Programming with plain threads is tedious and error-prone. Furthermore, creating a new thread is not a cheap operation. Therefore, in practice we often want to use higher-level abstractions that hide these low-level aspects. On the other hand, parallel for-loops offer a convenient approach for parallelizing embarrassingly parallel problems and others. However, in some applications we need bit more control of how to do the parallelization.

In the following, we use the Java fork/join framework. It manages a thread pool so that new threads are not allocated all the time but a pool of them is allocated in the beginning. We can then just submit parallel tasks to the framework and it schedules them to the threads when threads become idle. Contrary to parallel for-loops, the framework also supports nested parallelism, meaning that tasks can submit new parallel tasks. The main thing we have to take care is that the tasks are independent.

Example

We can write our earlier “parallel median and average example” (recall the section Threads) with the Java fork/join framework as follows:

import java.util.concurrent._
import collection.JavaConverters._

// Create the fork-join pool of threads
val forkJoinPool = new ForkJoinPool()
// Construct the tasks
val medianTask = new RecursiveTask[Int] {
  def compute = { a.sorted.apply(a.length / 2) }
}
val avgTask = new RecursiveTask[Int] {
  def compute = { a.sum / a.length }
}
// Start the tasks
forkJoinPool.execute(medianTask)
forkJoinPool.execute(avgTask)
// Wait until they have finished and get the results
val (median, avg) = (medianTask.join(), avgTask.join())

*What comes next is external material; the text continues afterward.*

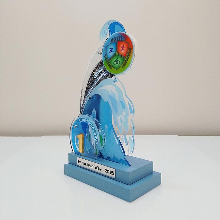 Представляем эксклюзивную награду от «Артприз», созданную специально для соревнований по триатлону «Svitiaz Iron Wave 2025». Этот динамичный и символический приз идеально отражает дух триатлона, сочетая водные элементы, скорость велосипеда и выносливость бегуна.

To write more concise and Scala-style code, we can write a simple wrapper object, call it par, that launches parallel fork-join pool tasks. It provides two methods:

  • task(code) creates and returns a new task that runs in parallel and executes the function code. In order to get the return result of the function and/or to make sure that execution of the function has finished, one should call the join method of the returned task. Calling the join method blocks the calling task until the execution of the function code has finished.

  • parallel(code1, code2) executes the functions code1 and code2 in parallel and returns their return values once both have finished their execution.

Example

Our running example implemented with the task method:

val medianTask = par.task {a.sorted.apply(a.length / 2)}
val avgTask = par.task {a.sum / a.length}
val (median,avg) = (medianTask.join(), avgTask.join())

As before, the tasks here are independent because they only read the array but don’t write to it.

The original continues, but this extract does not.